(Saved entries)
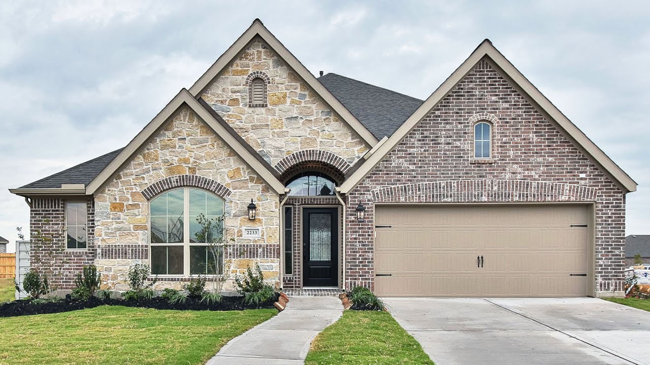 Pomona is a master-planned community of new single family homes for sale in Manvel, TX. This 2493 sq. ft. plan offers four bedrooms and three full bathrooms. Entry welcomes with 12-foot ceiling. Game room with French doors and 12-foot ceiling off extended entry. Kitchen and dining area open to spacious family room with wall of windows. Kitchen hosts inviting island with built-in seating space. Primary suite includes bedroom with 12-foot ceiling. Double doors lead to primary bath with dual vanities, garden tub, separate glass-enclosed shower and two walk-in closets. Abundant closet space and natural light throughout. Extended covered backyard patio. Mud room off three-car garage. #perryhomes
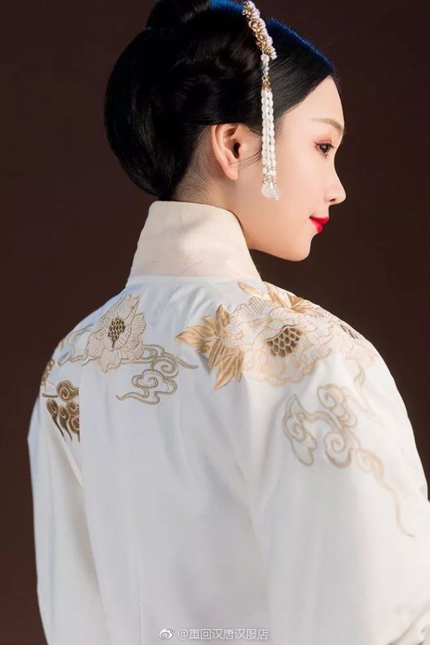 汉服之美,领口左右相交,象征地道方正。交领的右衽覆盖于左衽之上,也体现了右衽为阳在外,左衽为阴在内的阴阳观念,显出独特的中正气韵,代表做人要不偏不倚。
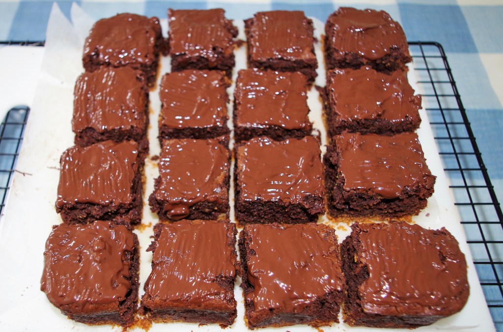 10. Turn out of the tin, remove the paper and trim the edges off the brownie. Using a sharp knife or a metal dough scraper, cut it into pieces. (Or, cut it while still in the tin and remove piece by piece)
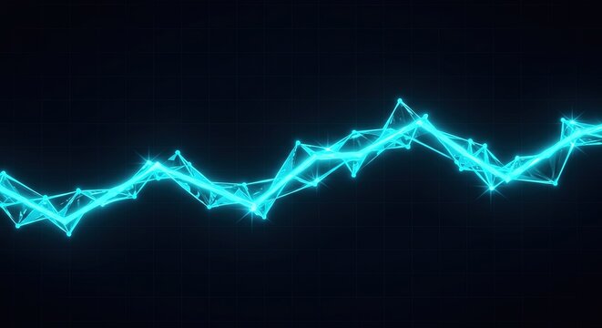 A glowing cyan polygonal line chart on a dark grid background. The abstract design visualizes data trends with interconnected nodes and vibrant lines.
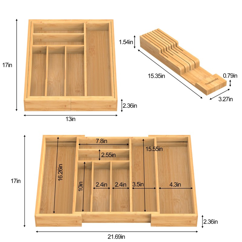 - Sturdy & Durable Bamboo Construction:Thalomely drawer organizer is made of natural and renewable bamboo,the drawer organizer is extremely durable and sturdy, and its surface is particularly smooth. Furthermore, the bamboo drawer organizer is easy to be taken care of, which can be easily wiped and cleaned with a towel.
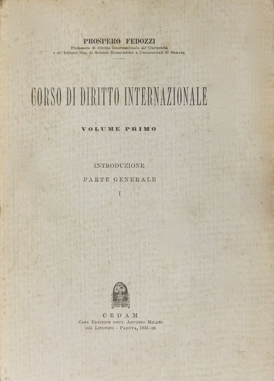 Corso di diritto internazionale. Vol. I (unico pubblicato) - Introduzione, parte generale | Libri antichi e moderni | Fedozzi Prospero
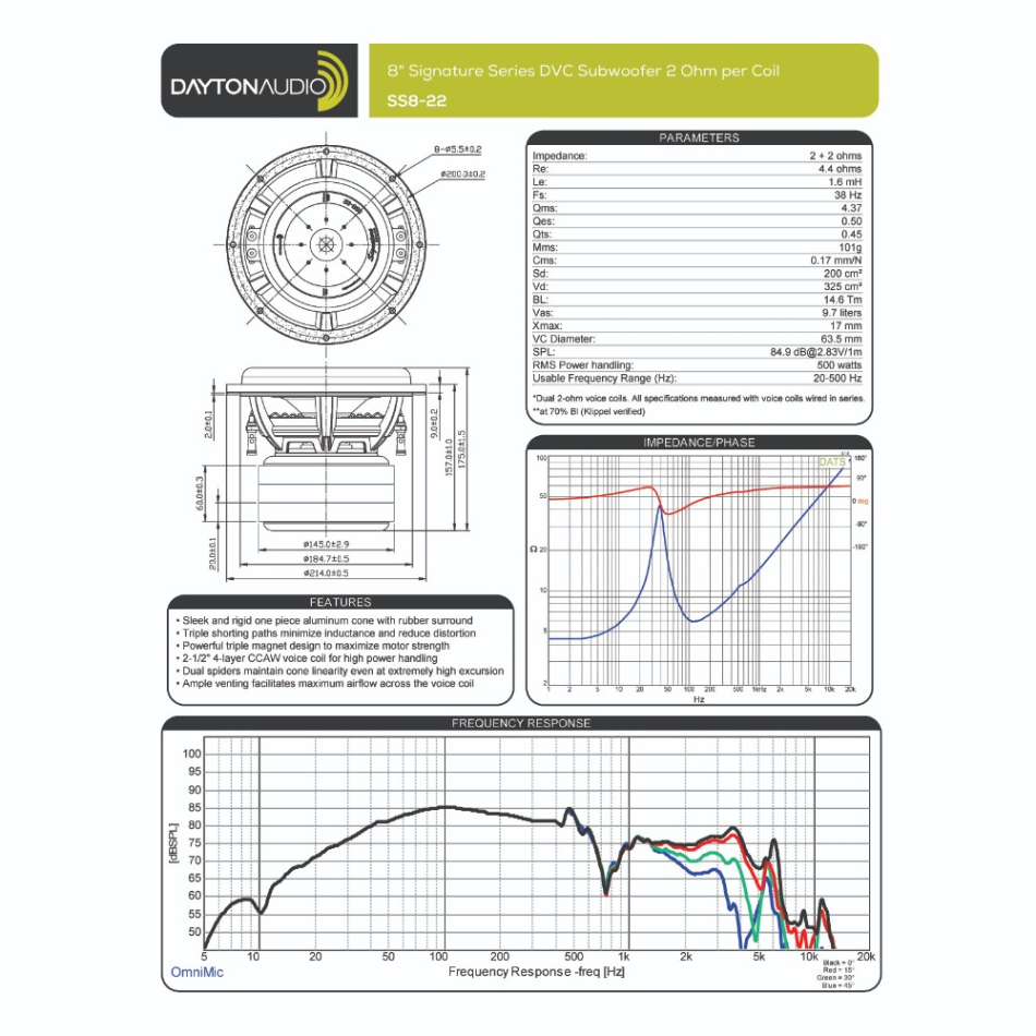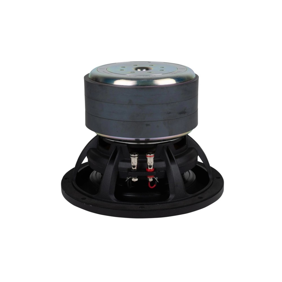 Den tekniska kärnan i SS8-22 sitter i dess motor och upphängning. Dayton Audio använder här en kraftfull trippelmagnetkonstruktion, tre kortslutningsvägar för att minska induktans och distorsion, samt dubbla spindlar som hjälper konen att röra sig mer linjärt när slaglängden blir stor. Tillsammans med en 63,5 mm talspole och riklig ventilation över talspolen får man en konstruktion som inte bara tål effekt, utan också är byggd för att hålla ordning på rörelsen när elementet pressas. Just det märks ofta som bättre definition i de lägsta registren, renare anslag och mindre tendens till att basen blir grumlig när ljudtrycket stiger. Det är en lösning som ger SS8-22 ett mer påkostat och genomarbetat uttryck än vad man normalt väntar sig i den här storleksklassen.

_Work instruction:_ Pictures are to be left out; otherwise, retype exactly the lines from the first line of the data through the line containing "A glowing cyan".

_Response to the task:_
 Pomona is a master-planned community of new single family homes for sale in Manvel, TX. This 2493 sq. ft. plan offers four bedrooms and three full bathrooms. Entry welcomes with 12-foot ceiling. Game room with French doors and 12-foot ceiling off extended entry. Kitchen and dining area open to spacious family room with wall of windows. Kitchen hosts inviting island with built-in seating space. Primary suite includes bedroom with 12-foot ceiling. Double doors lead to primary bath with dual vanities, garden tub, separate glass-enclosed shower and two walk-in closets. Abundant closet space and natural light throughout. Extended covered backyard patio. Mud room off three-car garage. #perryhomes
 汉服之美,领口左右相交,象征地道方正。交领的右衽覆盖于左衽之上,也体现了右衽为阳在外,左衽为阴在内的阴阳观念,显出独特的中正气韵,代表做人要不偏不倚。
 10. Turn out of the tin, remove the paper and trim the edges off the brownie. Using a sharp knife or a metal dough scraper, cut it into pieces. (Or, cut it while still in the tin and remove piece by piece)
 A glowing cyan polygonal line chart on a dark grid background. The abstract design visualizes data trends with interconnected nodes and vibrant lines.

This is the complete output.